Studies show that it’s impossible for two people to be “in love” for more than a few years. It’s how our brains work. It seems apparent that serial monogamy is best – two or three years together, maybe four, and then find someone new.”
—
The more I think about it the stupider the comment seems, not only because it’s amoral and selfish, but because even the science doesn’t hold up. I’m perfectly willing to believe that the emotional quality of love changes after two or three years, and even that the emotional quality of those first years is what many people think of as “romantic love,” but why should pop culture or even some social scientists get to determine what “real” romantic love is? Many of us would say that growing old together and caring for each other is genuinely romantic and even exciting, even after the first flush of wild hormones wears off.
Also, I’ve heard of another study that showed that couples who were having marriage difficulties but stayed together anyway were happier seven years later. (It’s possible that those who didn’t stay together were those who really had irreparable damage in their marriages, but the study still showed that if there’s any way you can make it work, there will be a payoff.) And there are yet other studies showing that long-term married couples are on average healthier and wealthier than those who aren’t married.
Also, if the commenter really doesn’t know any happily married people, one obvious explanation could be that he just hangs with the wrong crowd. Years and years ago I read that people with happily-married friends are more likely to find marital happiness themselves.
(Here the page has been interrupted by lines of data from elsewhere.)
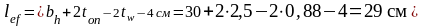 – условная длина распределения нагрузки, равная ширине опорного ребра главной балки bh плюс две толщины оголовка колонны (ton принята 25 мм), за минусом толщины диафрагмы (≈2tw) и 40 мм для пропуска швов.
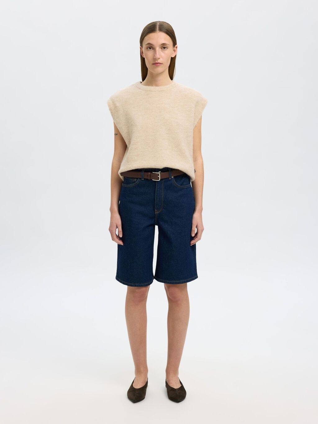 • Een gebreid gilet is het mooiste laagje van dit seizoen. Deze is gemaakt van ene luxe mix van wol en alpacawol. Draag hem over een T-shirt of blouse met lange mouwen. Met schoudervulling!
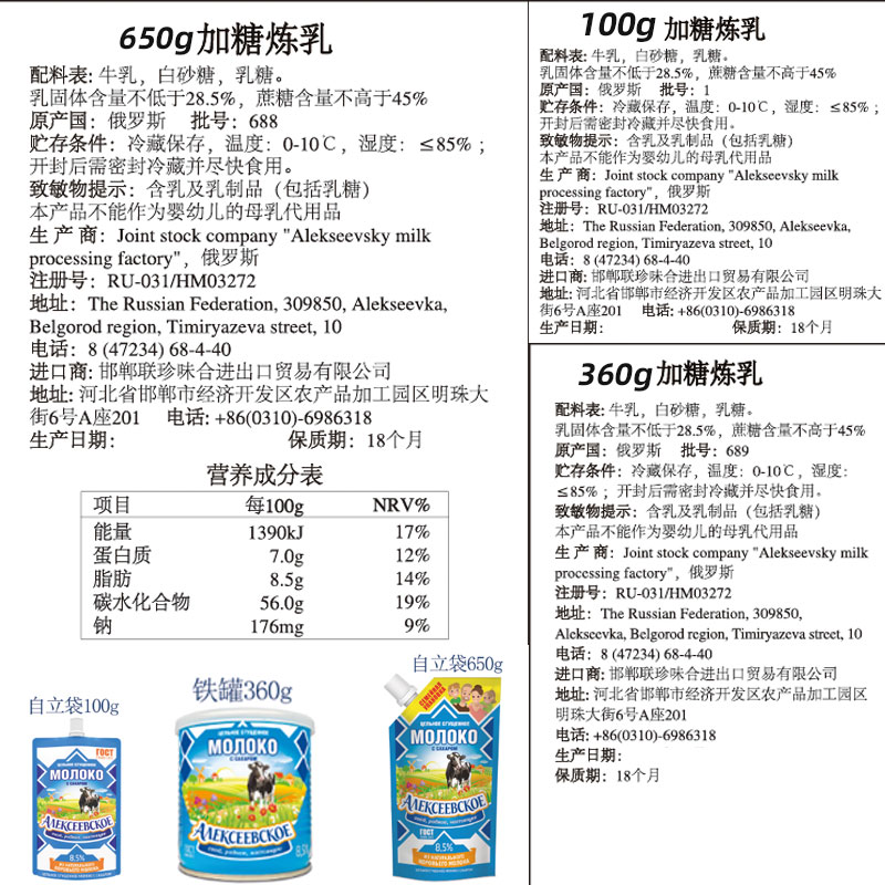 Russian imported food added sugar condensed milk pure natural condensed milk for baked products bread dairy ice cream

Geography plays a part, too–marriages thrive much better in some parts of the country than in others. So he might find himself with a very different view of things if he moved and got new friends.
Anyway, I know I’m just preaching to the choir, but today certainly seems like a good day to sing harmonious praise of the real love in long-term commitment.
Shannon Reply:
February 14th, 2011 at 1:58 pm
Amen, Sister!
I actually will buy the comment/study that happiness in marriage dips in the middle with the kids and the mortgage, etc, and then goes back up. For me, being a mother is much harder than being a wife, but it’s hard to untangle those two roles sometimes.
But I agree with your assessment of that comment — what about the studies that show married people have more sex than swinging singles? Anyway, I don’t really care what the studies say so much — anecdotally, being married makes me happy, even when I’m annoyed.
I really loved this Shannon. I echo your sentiments fully.
I would like to think I would miss my husband’s socks all over the house. I wouldn’t… but I would surely miss him.
I love this post. I’ve been thinking a lot about how love changes over time and it really does get better (although those rough patches still suck). But when I see newly marries or engages people they seem very cute, but I would never want go back to that time. Give me a love that has lasted 15 years and showed its true strength.